The wide research with single crystal surfaces along the 1970s showed that the correlations found by Gerischer , Kolb and Przasnyski [94, 95] could only be applied semiquantitatively to polycrystalline surfaces, since the actual situation concerning single crystal surfaces is considerably more complex [107, 127]. The concept of a binding energy only determined by electronegativity effects was found as insufficient, and the need for more complex models taking into account surface geometry and lateral interactions emerged.
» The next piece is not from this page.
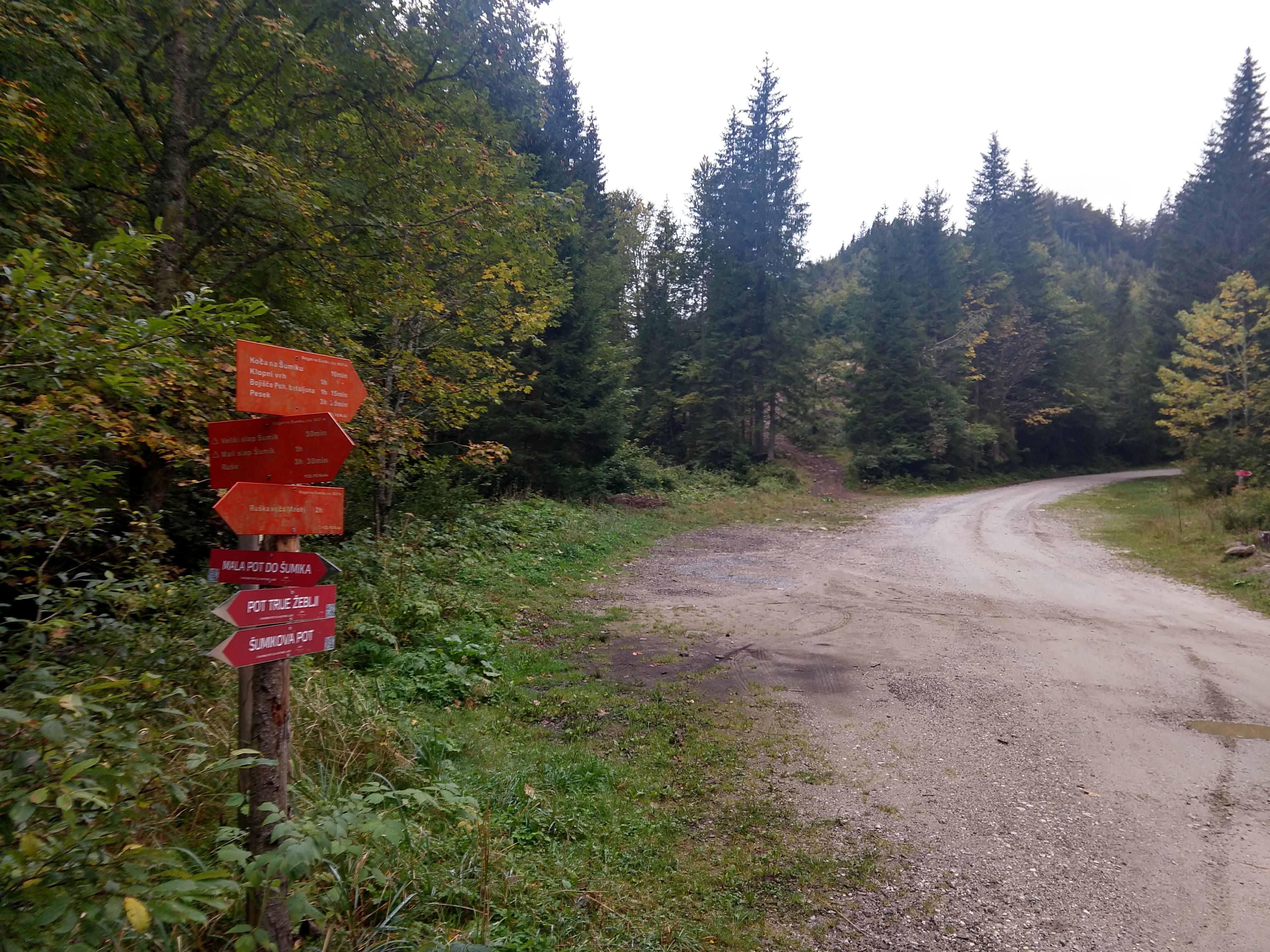 Šumik appeared to be a picnic area so I did not spend anytime lingering around and was more focused on getting to Koča na Pesku preferably before it got too late. During my post trip look back in writing on this section, I missed the nearby waterfall and the Koča Šumik, which was up the road a little bit from where I turned off from.

1.4 Upd Under the Loupe: Then and Now

In the 1980s the study of upd was favored by the great synergy between the high degree of surface control offered by single crystals and the development of new and powerful surface techniques. The possibility of direct imaging of surfaces and the availability of structural information in direct and reciprocal space gave many answers in the upd field and opened many other ones. Chapters 2 and 3 deal with these and other studies. The great flexibility of upd to generate surfaces with mixed properties motivated a great body of work using upd systems as model catalytic systems. Chapter 4 deals with application of upd to electrocatalysis.
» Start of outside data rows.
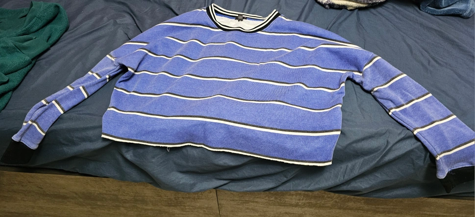 Selling a cute striped cropped sweater in blue! It has a black and white striped collar and black cuffs. Great for layering or wearing on its own
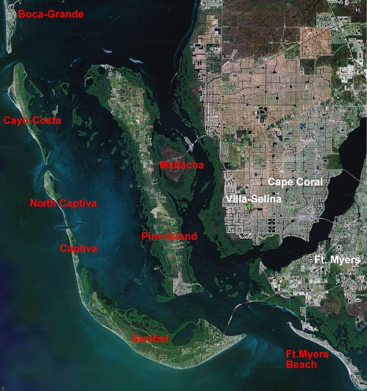 On the sattelite image you see the beautiful world of islands near Cape Coral. With the boat, you will be quickly on the beautiful beaches on Sanibel, Captiva, Ft. Myers Beach... or on one of many small uninhabited islands!
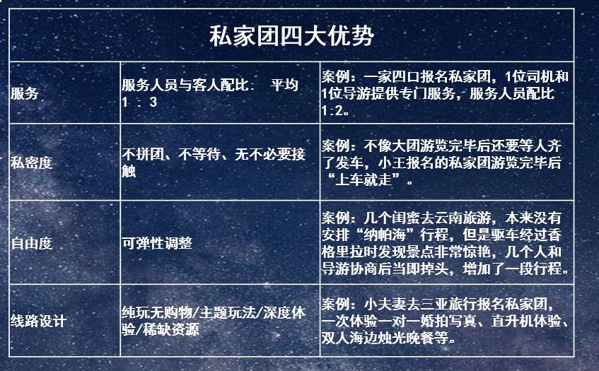值得一提的是:私家团为产品的主题、玩法、特色资源的匹配提供了空间,大团不适合做的一些产品探索:包括深度体验、创新设计、小众目的地,私家团都可以实现;比如说常规云南团走昆明大理丽江,私家团则有西双版纳+普洱、腾冲+和顺古镇等深度玩法可以选择。同样是情侣蜜月线路,私家团可以安排摄影师+化妆师1对1跟拍服务,还可以安排豪车自驾、私人游艇出海、直升机求婚等特殊体验,吸引有钱有闲想要玩深度的客人买单。
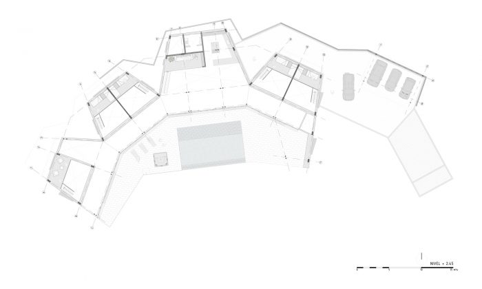 在平面上,房子由四个模块组成,围绕着一棵树和考卡河的远处风景。第一个模块包含主卧室,第二和第四个模块各包含两间客房,第三个模块是社会和服务区。这些模块由一条走廊连接,定义了一个凹形的外部空间,游泳池和娱乐区就在这里。模块的分割和角度的变化使房屋增加了暴露在自然气流中的立面面积,从而增加了它的通透性。
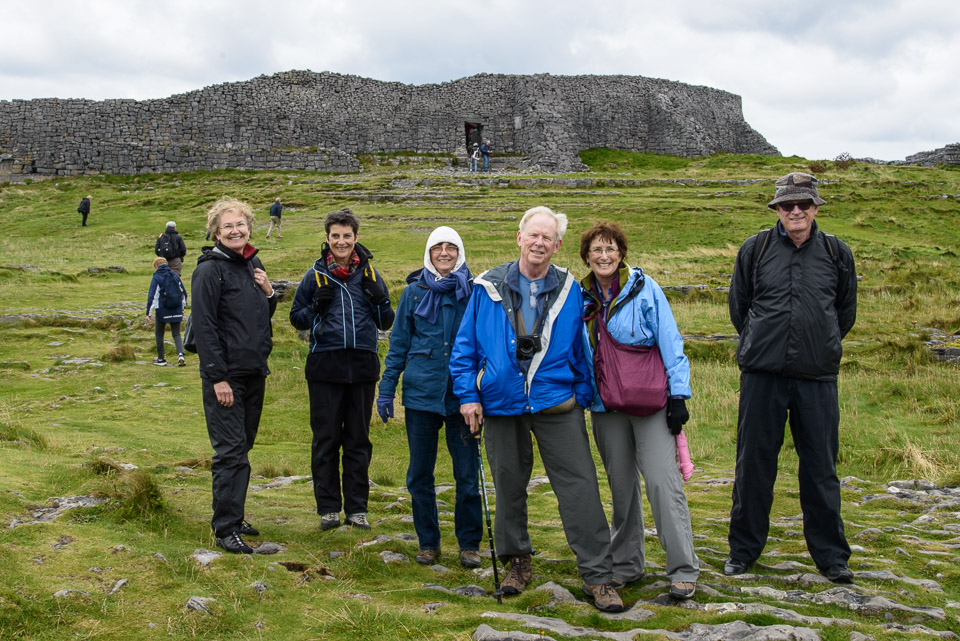Kathy, Chris, Mary Lou, Wes, Gina, and John, with the Dún Aenghus first rampart in the background
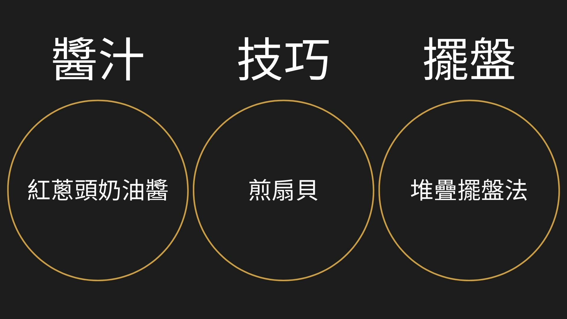 選一個淺盤,利用「堆疊」呈現脆煎干貝佐紅蔥頭奶油醬。
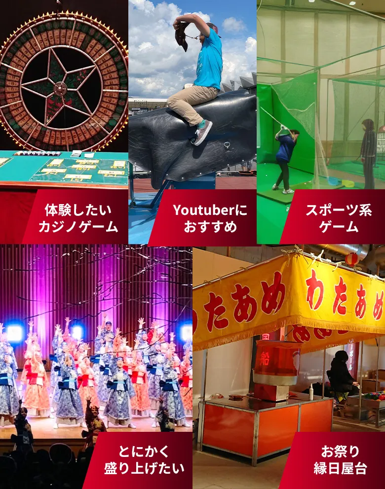 カジノ・カーニバルゲーム・ビンゴ・ゴルフゲーム・パーティーゲーム・抽選機・アナライザー・現金つかみ取り機・ スーパースピン・早押し機・キッズコーナー・縁日・ステージなど豊富に在庫。

The massification on computer use, the increasing computer power appearing in the 1990s, as well as the development of new software allowed performing virtual experiments (simulations) of increasing complexity for upd. Chapter 5 reports on these advances.

The advent of nanoscience in the 1990s also reached upd applications in this field, though with a decade of delay. Chapter 6 describes this emerging research area, where upd and galvanic replacement appear as a powerful tool for the design of new materials in the nanoscale.

The new trends and perspectives for upd will be described in Chap. 7.